Senator for Tasmania
- In office 13 December 1975 – 30 June 1993

Personal details
- Born: Mary Shirley Harrison 31 August 1925 Sydney, New South Wales, Australia
- Died: 18 June 2017 (aged 91) Hobart, Tasmania, Australia
- Party: Liberal
- Spouse: David Walters ​(m. 1949⁠–⁠2009)​
- Relations: Sir Eric Harrison (father)

= Shirley Walters =

Australian politician (1925–2017)

Mary Shirley Walters (née Harrison; 31 August 1925 – 18 June 2017) was an Australian politician who served as a Senator for Tasmania from 1975 to 1993, representing the Liberal Party. She was the first woman to represent Tasmania in the Senate, and was known for her social conservatism.

==Early life==
Mary Shirley Harrison was born in Sydney, New South Wales, to Eric John Harrison and the former Mary Cook McCall. Her father was also a politician, serving as a government minister under Robert Menzies and later as High Commissioner to the United Kingdom. Her mother died in 1941 (when she was 15), and her father remarried a few years later. Harrison and her two sisters grew up in Rose Bay, and attended Kambala School. She became an accounts clerk with the Rural Bank of New South Wales after leaving school, but later trained as a nurse and began working at Royal Prince Alfred Hospital (RPA). In 1949, Harrison married obstetrician David Walters, whom she had first met in high school. They moved to Hobart, Tasmania, after he had completed his residency at RPA, and had four children together.

==Public life==
Walters had been required to give up nursing when she married, but returned to the profession once her children were older and became a senior nurse at St John's Hospital, South Hobart. She was a member of the state committee of the National Trust, and was prominent in the Right to Life Association. In 1975, she represented the RLA at a women's health conference at the University of Queensland; her advocacy of conservatism in sex education brought her to the attention of the public.

===Senator for Tasmania===
Walters was elected to the Senate at the December 1975 federal election, which followed the dismissal of the Whitlam government. She was placed fifth on the Liberal Party ticket, defeating two sitting senators (Eric Bessell and John Marriott) for preselection.

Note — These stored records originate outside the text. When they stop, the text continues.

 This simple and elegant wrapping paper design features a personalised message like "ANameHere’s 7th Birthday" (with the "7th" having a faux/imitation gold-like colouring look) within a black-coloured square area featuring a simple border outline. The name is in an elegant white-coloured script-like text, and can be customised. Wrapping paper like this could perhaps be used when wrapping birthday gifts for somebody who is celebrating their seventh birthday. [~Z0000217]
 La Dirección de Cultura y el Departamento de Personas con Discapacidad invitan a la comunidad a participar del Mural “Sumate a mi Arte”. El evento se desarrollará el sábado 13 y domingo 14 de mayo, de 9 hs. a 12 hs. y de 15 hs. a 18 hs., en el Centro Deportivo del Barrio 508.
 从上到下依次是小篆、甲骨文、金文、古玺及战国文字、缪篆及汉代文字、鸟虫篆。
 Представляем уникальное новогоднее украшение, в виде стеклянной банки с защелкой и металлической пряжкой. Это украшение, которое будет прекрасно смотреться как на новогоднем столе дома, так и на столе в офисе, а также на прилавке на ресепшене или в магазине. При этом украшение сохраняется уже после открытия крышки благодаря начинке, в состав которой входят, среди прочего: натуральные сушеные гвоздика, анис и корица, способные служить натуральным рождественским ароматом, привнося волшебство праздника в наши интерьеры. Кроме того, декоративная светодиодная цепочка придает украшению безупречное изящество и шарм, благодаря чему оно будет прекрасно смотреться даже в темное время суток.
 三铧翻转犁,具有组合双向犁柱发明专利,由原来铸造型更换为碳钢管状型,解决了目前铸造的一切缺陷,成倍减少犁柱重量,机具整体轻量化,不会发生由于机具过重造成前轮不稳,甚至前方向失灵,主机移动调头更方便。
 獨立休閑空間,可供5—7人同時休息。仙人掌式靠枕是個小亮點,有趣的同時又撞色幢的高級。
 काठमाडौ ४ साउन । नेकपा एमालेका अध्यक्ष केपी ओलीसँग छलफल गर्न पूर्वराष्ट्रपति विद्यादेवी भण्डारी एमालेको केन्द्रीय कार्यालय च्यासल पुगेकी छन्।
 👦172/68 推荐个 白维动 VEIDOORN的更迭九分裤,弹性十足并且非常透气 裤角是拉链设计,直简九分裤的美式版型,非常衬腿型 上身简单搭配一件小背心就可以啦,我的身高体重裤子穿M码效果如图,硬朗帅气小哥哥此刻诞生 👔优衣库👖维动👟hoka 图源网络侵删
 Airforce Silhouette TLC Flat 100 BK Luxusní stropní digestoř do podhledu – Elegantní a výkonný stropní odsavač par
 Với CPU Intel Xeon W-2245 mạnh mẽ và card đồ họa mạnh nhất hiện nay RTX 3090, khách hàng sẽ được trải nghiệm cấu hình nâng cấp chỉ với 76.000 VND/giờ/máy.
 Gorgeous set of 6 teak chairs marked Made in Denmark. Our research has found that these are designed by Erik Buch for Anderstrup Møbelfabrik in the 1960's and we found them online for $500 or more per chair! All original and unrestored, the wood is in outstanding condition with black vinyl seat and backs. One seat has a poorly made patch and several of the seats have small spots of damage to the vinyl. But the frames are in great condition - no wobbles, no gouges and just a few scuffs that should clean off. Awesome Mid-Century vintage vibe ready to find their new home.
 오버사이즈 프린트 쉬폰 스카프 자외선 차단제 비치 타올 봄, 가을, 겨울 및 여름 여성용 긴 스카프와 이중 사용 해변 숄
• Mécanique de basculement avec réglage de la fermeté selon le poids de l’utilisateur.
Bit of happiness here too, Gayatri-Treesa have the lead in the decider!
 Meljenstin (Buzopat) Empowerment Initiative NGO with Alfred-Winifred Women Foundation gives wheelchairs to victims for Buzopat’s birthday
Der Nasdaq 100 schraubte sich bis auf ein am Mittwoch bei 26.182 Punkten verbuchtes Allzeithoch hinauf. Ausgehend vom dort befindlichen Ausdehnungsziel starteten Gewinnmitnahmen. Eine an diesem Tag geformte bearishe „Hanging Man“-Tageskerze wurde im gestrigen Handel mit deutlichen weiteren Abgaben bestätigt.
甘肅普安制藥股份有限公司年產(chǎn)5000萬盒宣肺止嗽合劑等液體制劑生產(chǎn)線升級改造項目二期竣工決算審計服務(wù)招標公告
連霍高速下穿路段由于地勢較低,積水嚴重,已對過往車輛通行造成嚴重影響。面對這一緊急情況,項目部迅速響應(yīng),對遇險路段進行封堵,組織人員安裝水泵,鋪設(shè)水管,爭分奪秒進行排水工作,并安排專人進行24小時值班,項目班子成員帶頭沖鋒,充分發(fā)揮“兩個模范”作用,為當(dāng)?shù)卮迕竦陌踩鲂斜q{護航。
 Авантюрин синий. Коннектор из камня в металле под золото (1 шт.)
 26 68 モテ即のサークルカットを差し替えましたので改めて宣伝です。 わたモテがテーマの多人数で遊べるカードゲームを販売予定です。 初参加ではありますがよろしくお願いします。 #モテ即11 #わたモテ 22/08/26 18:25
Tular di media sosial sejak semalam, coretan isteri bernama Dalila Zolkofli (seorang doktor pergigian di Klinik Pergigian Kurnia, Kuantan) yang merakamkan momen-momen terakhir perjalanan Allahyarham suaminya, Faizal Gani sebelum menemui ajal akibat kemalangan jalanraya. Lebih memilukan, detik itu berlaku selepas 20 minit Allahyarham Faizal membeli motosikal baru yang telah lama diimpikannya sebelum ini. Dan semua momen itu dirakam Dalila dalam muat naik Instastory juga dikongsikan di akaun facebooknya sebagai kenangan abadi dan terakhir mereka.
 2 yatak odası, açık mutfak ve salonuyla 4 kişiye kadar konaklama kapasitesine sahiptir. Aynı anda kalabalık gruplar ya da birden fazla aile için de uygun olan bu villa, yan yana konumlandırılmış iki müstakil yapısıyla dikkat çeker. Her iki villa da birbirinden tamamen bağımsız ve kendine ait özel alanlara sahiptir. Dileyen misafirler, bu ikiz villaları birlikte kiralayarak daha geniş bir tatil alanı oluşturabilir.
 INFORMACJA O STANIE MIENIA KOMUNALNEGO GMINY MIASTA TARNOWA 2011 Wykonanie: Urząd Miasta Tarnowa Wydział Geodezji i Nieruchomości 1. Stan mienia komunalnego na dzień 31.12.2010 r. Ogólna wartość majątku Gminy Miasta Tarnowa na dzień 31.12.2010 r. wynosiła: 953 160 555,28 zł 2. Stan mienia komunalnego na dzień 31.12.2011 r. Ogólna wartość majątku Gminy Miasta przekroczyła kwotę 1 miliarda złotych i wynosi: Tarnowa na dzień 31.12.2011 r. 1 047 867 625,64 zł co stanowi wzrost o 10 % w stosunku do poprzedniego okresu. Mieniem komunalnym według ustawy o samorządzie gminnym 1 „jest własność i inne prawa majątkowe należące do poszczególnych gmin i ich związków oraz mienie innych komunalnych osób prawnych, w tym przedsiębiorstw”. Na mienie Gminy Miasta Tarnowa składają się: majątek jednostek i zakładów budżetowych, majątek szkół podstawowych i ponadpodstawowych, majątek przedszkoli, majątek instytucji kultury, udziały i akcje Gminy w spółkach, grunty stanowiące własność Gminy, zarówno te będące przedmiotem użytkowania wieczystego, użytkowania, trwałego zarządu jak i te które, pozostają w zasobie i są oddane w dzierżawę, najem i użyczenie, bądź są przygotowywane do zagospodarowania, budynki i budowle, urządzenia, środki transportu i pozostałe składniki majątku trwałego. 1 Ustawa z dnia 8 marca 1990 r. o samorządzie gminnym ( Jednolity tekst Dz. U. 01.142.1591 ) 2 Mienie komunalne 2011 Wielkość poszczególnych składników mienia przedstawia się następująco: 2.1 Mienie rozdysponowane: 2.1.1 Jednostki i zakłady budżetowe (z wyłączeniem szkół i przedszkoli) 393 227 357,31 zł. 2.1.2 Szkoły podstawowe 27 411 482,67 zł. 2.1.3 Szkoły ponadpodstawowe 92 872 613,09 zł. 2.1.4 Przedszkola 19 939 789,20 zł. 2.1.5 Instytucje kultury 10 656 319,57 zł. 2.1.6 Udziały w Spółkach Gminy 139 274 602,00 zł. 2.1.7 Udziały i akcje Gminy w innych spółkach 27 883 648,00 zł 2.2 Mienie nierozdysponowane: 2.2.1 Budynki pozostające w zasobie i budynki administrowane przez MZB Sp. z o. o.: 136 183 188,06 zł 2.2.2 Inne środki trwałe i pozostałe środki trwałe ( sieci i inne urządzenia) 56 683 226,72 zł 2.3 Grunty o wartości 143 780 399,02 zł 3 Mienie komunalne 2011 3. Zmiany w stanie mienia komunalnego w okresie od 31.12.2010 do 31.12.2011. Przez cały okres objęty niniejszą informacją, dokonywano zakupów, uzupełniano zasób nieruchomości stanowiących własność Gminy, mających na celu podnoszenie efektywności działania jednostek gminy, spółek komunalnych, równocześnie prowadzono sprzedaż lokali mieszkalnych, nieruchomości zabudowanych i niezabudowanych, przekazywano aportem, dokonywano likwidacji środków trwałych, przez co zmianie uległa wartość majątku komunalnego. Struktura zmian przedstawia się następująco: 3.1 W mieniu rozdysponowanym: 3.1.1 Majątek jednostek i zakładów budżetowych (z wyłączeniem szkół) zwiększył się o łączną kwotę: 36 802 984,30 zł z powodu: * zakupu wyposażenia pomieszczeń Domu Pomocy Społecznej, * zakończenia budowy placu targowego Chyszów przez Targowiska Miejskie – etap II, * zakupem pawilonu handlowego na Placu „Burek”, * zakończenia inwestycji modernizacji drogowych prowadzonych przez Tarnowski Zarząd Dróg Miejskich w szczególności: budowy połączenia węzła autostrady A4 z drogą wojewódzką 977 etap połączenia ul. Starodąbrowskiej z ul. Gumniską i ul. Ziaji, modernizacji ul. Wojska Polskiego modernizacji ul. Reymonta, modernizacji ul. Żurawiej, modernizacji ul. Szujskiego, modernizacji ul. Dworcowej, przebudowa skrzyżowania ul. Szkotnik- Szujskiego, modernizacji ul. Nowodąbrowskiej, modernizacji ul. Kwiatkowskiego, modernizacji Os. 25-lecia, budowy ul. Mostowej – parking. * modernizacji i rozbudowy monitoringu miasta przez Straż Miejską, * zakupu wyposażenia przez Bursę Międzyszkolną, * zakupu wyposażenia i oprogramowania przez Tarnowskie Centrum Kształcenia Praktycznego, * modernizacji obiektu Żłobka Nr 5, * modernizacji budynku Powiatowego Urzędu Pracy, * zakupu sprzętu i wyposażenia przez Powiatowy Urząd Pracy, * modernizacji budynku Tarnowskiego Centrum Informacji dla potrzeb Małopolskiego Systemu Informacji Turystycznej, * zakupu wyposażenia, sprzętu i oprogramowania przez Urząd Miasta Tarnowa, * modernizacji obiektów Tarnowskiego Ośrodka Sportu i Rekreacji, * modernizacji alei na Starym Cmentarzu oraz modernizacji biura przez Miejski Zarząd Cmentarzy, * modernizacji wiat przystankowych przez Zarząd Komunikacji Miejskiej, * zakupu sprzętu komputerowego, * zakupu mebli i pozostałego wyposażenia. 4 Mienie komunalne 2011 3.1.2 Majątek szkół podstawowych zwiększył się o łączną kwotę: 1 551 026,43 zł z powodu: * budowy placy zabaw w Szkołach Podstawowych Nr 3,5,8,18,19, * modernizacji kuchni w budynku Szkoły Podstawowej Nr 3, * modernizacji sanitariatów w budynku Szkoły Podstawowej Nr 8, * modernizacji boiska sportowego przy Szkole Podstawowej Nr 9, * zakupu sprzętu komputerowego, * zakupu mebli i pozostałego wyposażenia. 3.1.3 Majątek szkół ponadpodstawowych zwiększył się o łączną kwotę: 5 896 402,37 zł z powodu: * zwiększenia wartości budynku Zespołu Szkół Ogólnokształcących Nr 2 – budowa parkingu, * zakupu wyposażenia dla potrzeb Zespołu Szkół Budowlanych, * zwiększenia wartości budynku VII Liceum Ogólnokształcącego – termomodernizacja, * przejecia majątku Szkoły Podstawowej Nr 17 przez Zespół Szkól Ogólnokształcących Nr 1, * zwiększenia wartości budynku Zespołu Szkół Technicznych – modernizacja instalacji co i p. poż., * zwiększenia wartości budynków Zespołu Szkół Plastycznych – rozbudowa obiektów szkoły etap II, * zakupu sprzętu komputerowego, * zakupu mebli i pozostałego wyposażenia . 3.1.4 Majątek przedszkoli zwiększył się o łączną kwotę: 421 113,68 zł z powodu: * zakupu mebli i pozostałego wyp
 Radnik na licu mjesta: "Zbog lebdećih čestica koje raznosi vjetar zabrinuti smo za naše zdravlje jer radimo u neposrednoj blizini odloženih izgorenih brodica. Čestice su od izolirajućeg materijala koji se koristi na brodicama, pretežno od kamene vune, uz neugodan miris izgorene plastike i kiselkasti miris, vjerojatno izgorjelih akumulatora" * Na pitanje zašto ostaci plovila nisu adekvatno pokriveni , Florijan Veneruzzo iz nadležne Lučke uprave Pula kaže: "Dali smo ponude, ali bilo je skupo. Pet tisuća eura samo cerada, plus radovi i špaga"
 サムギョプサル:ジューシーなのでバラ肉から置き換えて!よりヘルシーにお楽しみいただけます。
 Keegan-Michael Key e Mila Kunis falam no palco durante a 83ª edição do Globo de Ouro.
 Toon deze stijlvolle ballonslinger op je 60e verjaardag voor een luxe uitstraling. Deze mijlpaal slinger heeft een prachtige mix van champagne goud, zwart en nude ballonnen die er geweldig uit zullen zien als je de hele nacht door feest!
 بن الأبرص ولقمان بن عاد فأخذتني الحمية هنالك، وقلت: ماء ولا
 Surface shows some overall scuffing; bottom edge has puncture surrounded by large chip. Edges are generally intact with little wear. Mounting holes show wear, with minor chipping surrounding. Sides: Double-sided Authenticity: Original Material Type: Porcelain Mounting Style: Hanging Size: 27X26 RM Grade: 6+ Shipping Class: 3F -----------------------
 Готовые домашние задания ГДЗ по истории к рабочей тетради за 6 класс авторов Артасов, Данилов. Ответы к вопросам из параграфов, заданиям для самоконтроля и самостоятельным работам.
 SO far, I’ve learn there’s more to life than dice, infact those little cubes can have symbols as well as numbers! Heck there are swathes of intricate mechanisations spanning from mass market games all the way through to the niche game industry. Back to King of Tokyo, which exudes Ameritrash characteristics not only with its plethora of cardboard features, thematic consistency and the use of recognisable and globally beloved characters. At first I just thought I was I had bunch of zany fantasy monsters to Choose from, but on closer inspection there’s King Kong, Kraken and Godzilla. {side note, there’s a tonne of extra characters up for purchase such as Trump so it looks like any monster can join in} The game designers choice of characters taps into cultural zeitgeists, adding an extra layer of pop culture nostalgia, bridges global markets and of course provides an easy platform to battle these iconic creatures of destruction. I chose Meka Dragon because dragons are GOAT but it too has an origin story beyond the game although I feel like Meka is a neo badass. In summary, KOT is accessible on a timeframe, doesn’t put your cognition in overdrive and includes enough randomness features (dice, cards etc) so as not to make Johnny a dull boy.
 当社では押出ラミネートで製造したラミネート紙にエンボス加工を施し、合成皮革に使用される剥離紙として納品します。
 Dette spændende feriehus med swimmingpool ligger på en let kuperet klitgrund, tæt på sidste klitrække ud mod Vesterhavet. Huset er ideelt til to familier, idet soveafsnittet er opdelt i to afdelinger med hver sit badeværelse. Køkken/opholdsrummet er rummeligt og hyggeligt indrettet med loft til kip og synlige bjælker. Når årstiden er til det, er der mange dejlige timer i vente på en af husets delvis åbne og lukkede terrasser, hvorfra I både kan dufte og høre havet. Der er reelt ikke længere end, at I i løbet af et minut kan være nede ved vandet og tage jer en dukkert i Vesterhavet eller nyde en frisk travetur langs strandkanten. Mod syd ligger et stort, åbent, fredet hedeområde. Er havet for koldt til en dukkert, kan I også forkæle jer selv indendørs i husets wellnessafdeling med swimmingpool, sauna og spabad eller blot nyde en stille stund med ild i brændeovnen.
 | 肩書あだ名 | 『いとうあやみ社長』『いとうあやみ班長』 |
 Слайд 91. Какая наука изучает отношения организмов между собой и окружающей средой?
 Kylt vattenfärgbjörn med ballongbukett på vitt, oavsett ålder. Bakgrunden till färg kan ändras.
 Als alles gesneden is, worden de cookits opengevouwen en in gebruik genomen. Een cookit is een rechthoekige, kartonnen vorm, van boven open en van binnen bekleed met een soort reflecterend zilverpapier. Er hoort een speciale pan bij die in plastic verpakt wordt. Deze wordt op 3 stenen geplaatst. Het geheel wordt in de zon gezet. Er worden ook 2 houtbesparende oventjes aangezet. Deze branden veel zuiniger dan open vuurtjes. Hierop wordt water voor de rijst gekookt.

She became the first woman to represent Tasmania in the Senate, and only the second Tasmanian woman elected to parliament as a whole (after Enid Lyons, MHR 1943–1951). Walters was re-elected to the Senate in 1977, 1983, and 1987, in each occasion placed either first or second on the ticket. She announced her retirement in September 1991, with her final term ending in June 1993.

==Later life==
Walters remained involved in the Liberal Party's organisational wing after her retirement from the Senate, and in 2003 was awarded life membership. She died in June 2017, aged 91.